StepFun Releases Step 3.5 Flash with 11B Active Parameters
- •StepFun launches Step 3.5 Flash, an 11B active parameter model rivaling frontier-level intelligence.
- •Sparse Mixture-of-Experts architecture achieves top scores in math and coding benchmarks like MathArena.
- •Optimized Multi-Token Prediction and attention mechanisms drastically reduce latency and cost for AI agents.
StepFun has unveiled Step 3.5 Flash, a model designed to balance high-level reasoning with the speed required for real-world applications. By utilizing a sparse Mixture-of-Experts (MoE) architecture—activating only 11 billion of its 196 billion parameters for any given task—it achieves frontier-level performance while maintaining computational efficiency.

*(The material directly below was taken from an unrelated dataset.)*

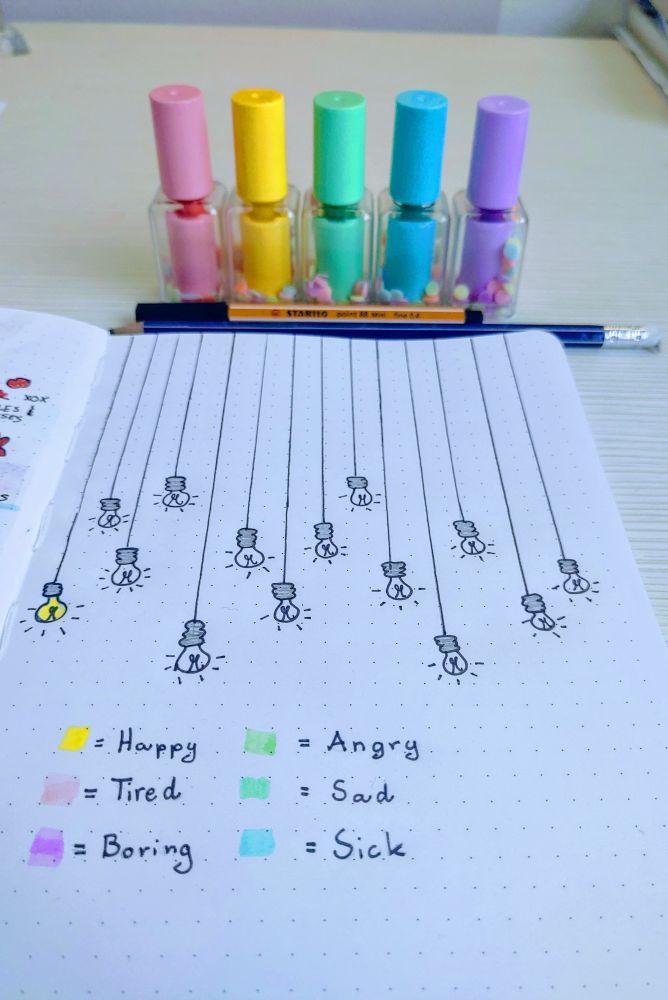 To so barve in vsaka barva pomeni eno čustvo. Lučke oz. žarnice pobarvaš z tisto barvo kot se počutiš.

The model introduces structural optimizations to enhance its role as an agentic tool. It employs a 3:1 ratio of sliding-window to full attention, allowing it to process long-range context without high memory overhead. Additionally, Multi-Token Prediction (MTP-3) enables the model to predict several words at once, speeding up the generation process and lowering costs for complex, multi-turn interactions.

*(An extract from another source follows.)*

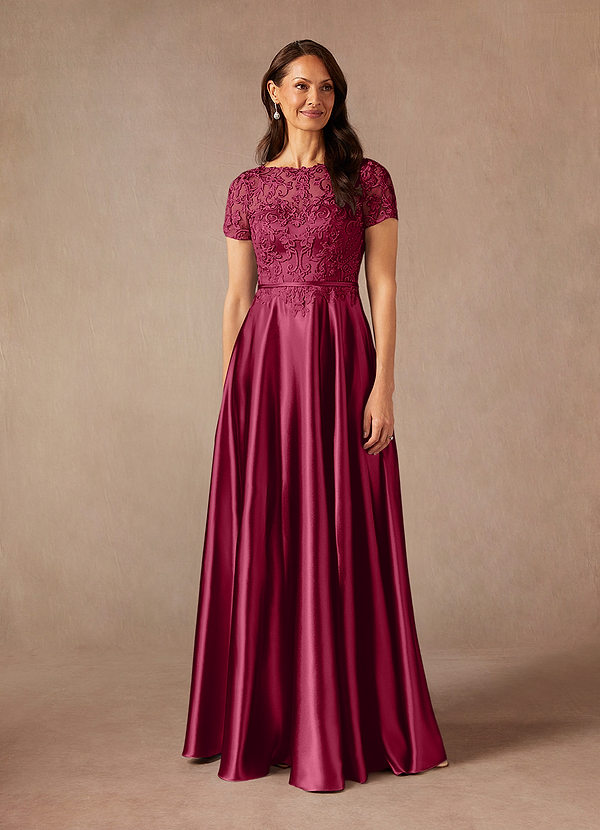 Azazie Adina A-Line Lace Metallic Satin Dress

To reach high reasoning capabilities, researchers implemented a scalable reinforcement learning framework. This system combines verifiable signals, like correct math answers, with preference feedback to foster self-improvement. Step 3.5 Flash currently holds the top spot on MathArena and competes directly with industry leaders like Gemini 3.0 Pro and GPT-5.2 xHigh in coding and math benchmarks.